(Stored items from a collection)
BEGIN

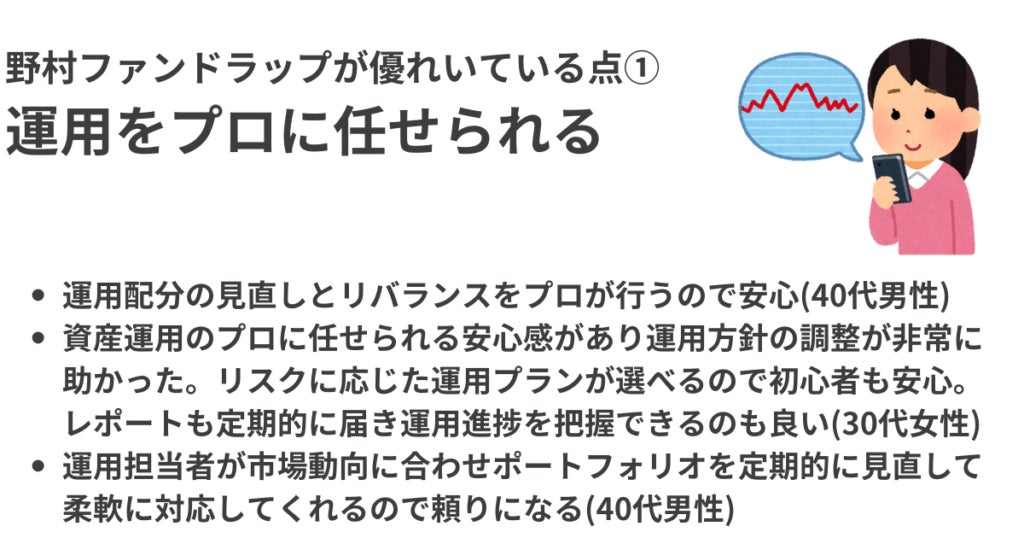 野村ファンドラップを高く評価する回答者の多くは、その理由に「運用をプロに任せられる」点を挙げていた。
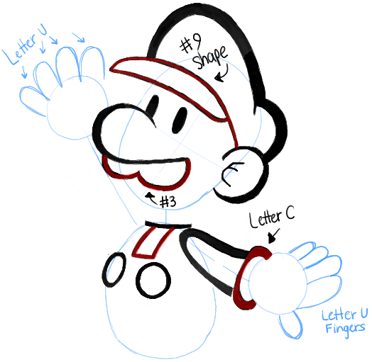 Lightly draw the basic guidelines that make up Luigi’s body. Lightly draw an oval for the body and face. Draw guidelines within the face to help place the facial features later. Draw circles for hands. Connect them with lines.
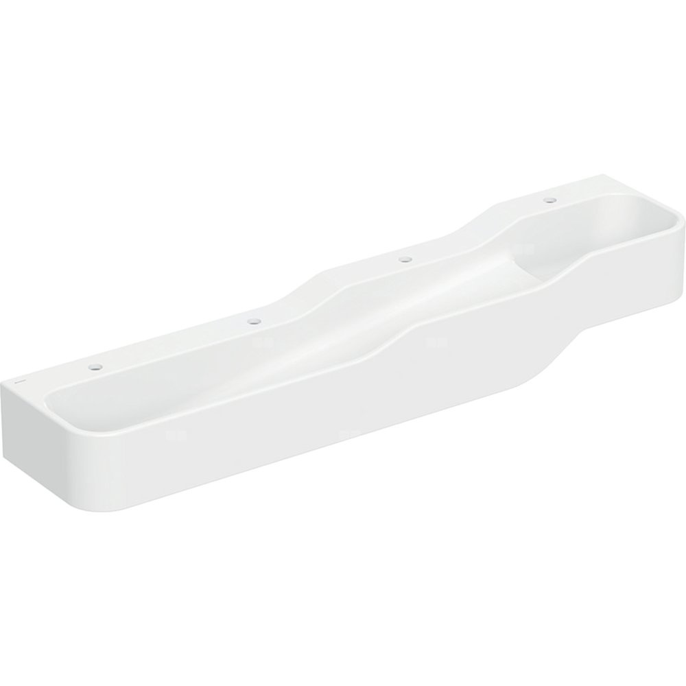 Umywalka GEBERIT Bambini 4-stanowiskowa prostokątna (rynna, bez elementów dekoracyjnych), biała, 1800mm, otwór na baterię na środku (x4), bez odpływu przelewowego, półka od ściany
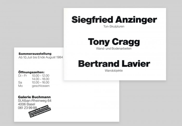 Sommerausstellung – Siegfried Anzinger, Tony Cragg, Bertrand Lavier, Buchmann Basel, Basel
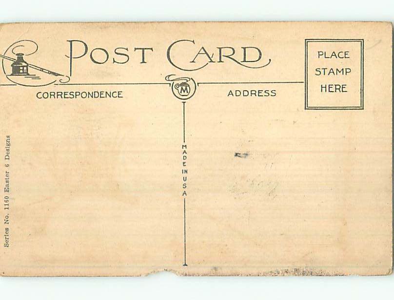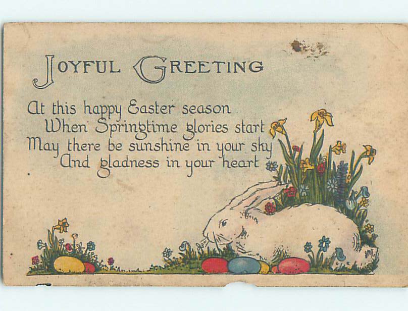 Chipped 1920's Easter BUNNY RABBIT SITS BY THE COLORED EGGS o6054
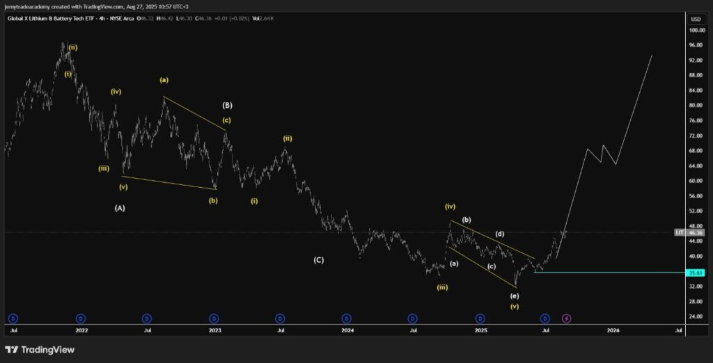 While the fundamentals built a compelling long-term case, our technical analysis provided the crucial roadmap for understanding the price action. Employing advanced Elliott Wave principles, our team meticulously identified the prolonged downtrend in the LIT ETF as a complex corrective pattern, specifically a long-term expanded flat. This intricate pattern, characterized by three primary waves (A, B, and C), was nearing its completion, signaling an imminent reversal.
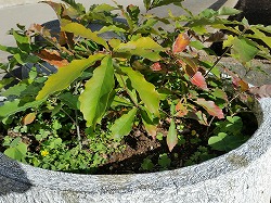 本校舎前の大きな植木鉢で育っている「コナラ」の林。(‘◇’)ゞ 寒くなってきたので,小さいながら「紅葉」が始まりました。
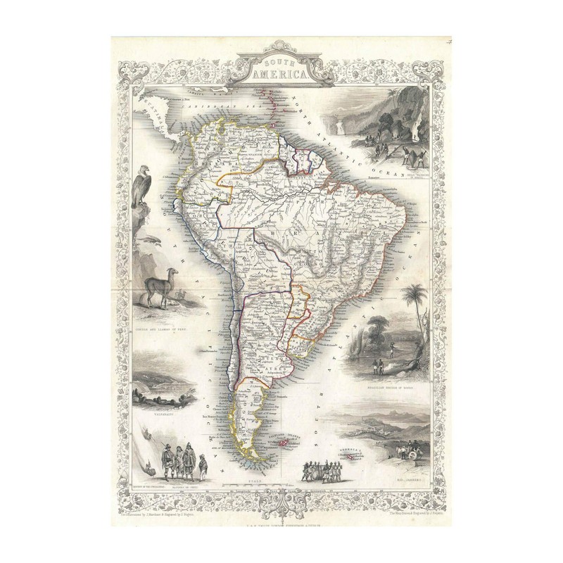 Spiffing Prints Tallis Map of South America 1850

END

• _Work required_: Output, exactly and without pictures, the lines above that run from the one containing "While the fundamentals" through the last line of the entries, inclusive.

• _Answer space_:
 While the fundamentals built a compelling long-term case, our technical analysis provided the crucial roadmap for understanding the price action. Employing advanced Elliott Wave principles, our team meticulously identified the prolonged downtrend in the LIT ETF as a complex corrective pattern, specifically a long-term expanded flat. This intricate pattern, characterized by three primary waves (A, B, and C), was nearing its completion, signaling an imminent reversal.
 本校舎前の大きな植木鉢で育っている「コナラ」の林。(‘◇’)ゞ 寒くなってきたので,小さいながら「紅葉」が始まりました。
 Spiffing Prints Tallis Map of South America 1850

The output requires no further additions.